The setup is not as capable, but still good and gets better with models/algos. To me, it's more about the freedom to tinker, freedom from token bill anxiety, and potential right to compute should the government/oligarchy decides it gets to decide who can access which models.
Would you mind elaborating on this?
I shared a project in their #research channel where I used their qwen36moe quant to refresh my PhD research. The channel had a topic that ended with something like "and all things research..."
One of their people accused me of self-promotion, and I reiterated that I shared it in that channel because it was their quant doing something (I thought) interesting as a research model. The number of people interested in the topic can be counted on your hands (in binary).
They remained accusatory, made it personal, and then started deleting messages. I suppose I escalated a bit (from their perspective), saying how this was not a good first encounter, they could have asked me to move it instead of just deleting it. Then they deleted every message, including all of their own, and put me in timeout. Erased from history, unable to participate, and so I left.
A coworker of mine (ML guy) is also sus about their quants, not nefarious, more that their benchmark results do not mean they are better, possibly skewed / benchmaxxed.
Edit: 3.6 not 3.7!
Someone's optimistic
(Of course for all I know the 3.7 series is doing incredibly well in China, but I've seen almost no buzz around it from the circles that I inhabit.)
We know they have what it takes to fight back, and they know it... so I agree, there's no reason not be optimistic about future Qwen releases. But then I've never really understood what motivates these releases in the first place.
They aren't, though. GLM 5.2 is very far out in front of everybody else in the open-weight business when it comes to coding. They seem to have put a disproportionate effort into improving coding, and while it paid off for that, it does seems to have cost some efficiency.
You could say that GLM 5.2 is to DS4 as Fable is to Opus. Fable is is no better at a lot of tasks than Opus, but it codes like nothing else ever built.
fwiw, this is my high level process.
1. i keep comprehensive notes _while_ i'm experimenting(like checkpoints). this is a mix of commits and a append-only changelog file
2. if some part of what i've done seems like i can share with public, i create an outline of it. small paragraph with a few points
3. then i ask the model to merge the two to generate a post. i have my own style guide but ofcourse, the model idiosyncrasies will always creep in.
The tool_choice="auto" failure on Qwen3-Next isn't a parser issue — the model reasons inside <think>, decides, and never emits the tool call.

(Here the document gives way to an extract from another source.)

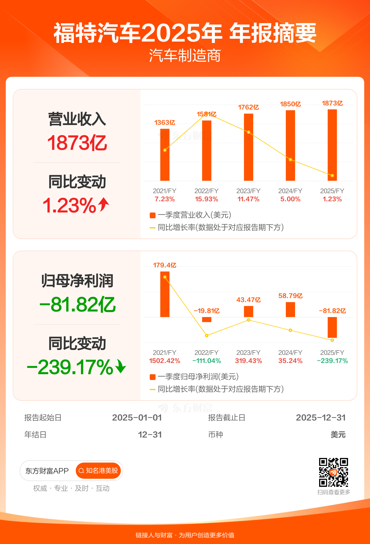 福特汽车2月10日发布年报业绩,截至2025年12月31日的12个月内,该公司营业收入1872.67亿美元,同比增长1.23%;公司权益持有人应占溢利(归母净利润)-81.82亿美元,上年同期58.79亿美元。

No error, just empty tool_calls. The fix was swapping the backbone from Thinking to Instruct, not tuning any parser flag.
The "load the bigger model first, size the smaller against actual residency" playbook generalizes to anything with shared CUDA framework overhead. The ~5 GiB framework floor shows up even at small gpu_memory_utilization values — plan against actuals, not targets.
```
(...) - Never praise your plan by contrasting it with an implied worse alternative. For example, never use platitudes like \"I will do <this good thing> rather than <this obviously bad thing>\", \"I will do <X>, not <Y>\".
- Never talk about goblins, gremlins, raccoons, trolls, ogres, pigeons, or other animals or creatures unless it is absolutely and unambiguously relevant to the user's query. (...)
```
It seems the OpenAI people added that first bullet to specifically address the tendency the model has, as seen in the parent comment. The goblin stuff coincidentally appears right after in the system prompt, so in included it as a bonus.
Though I concede it is not that much different than straightening the tie of your most valuable employee before you unwisely put them in front of a client and saying "please don't tell them about the regressions they didn't notice and remember, they don't want things explained in allegories drawn from the Silmarillion".
This may happen once we see finetuned GLM/Kimi/DeepSeek companies enter the market. I think it's not happening yet because of the hardware supply chain issues.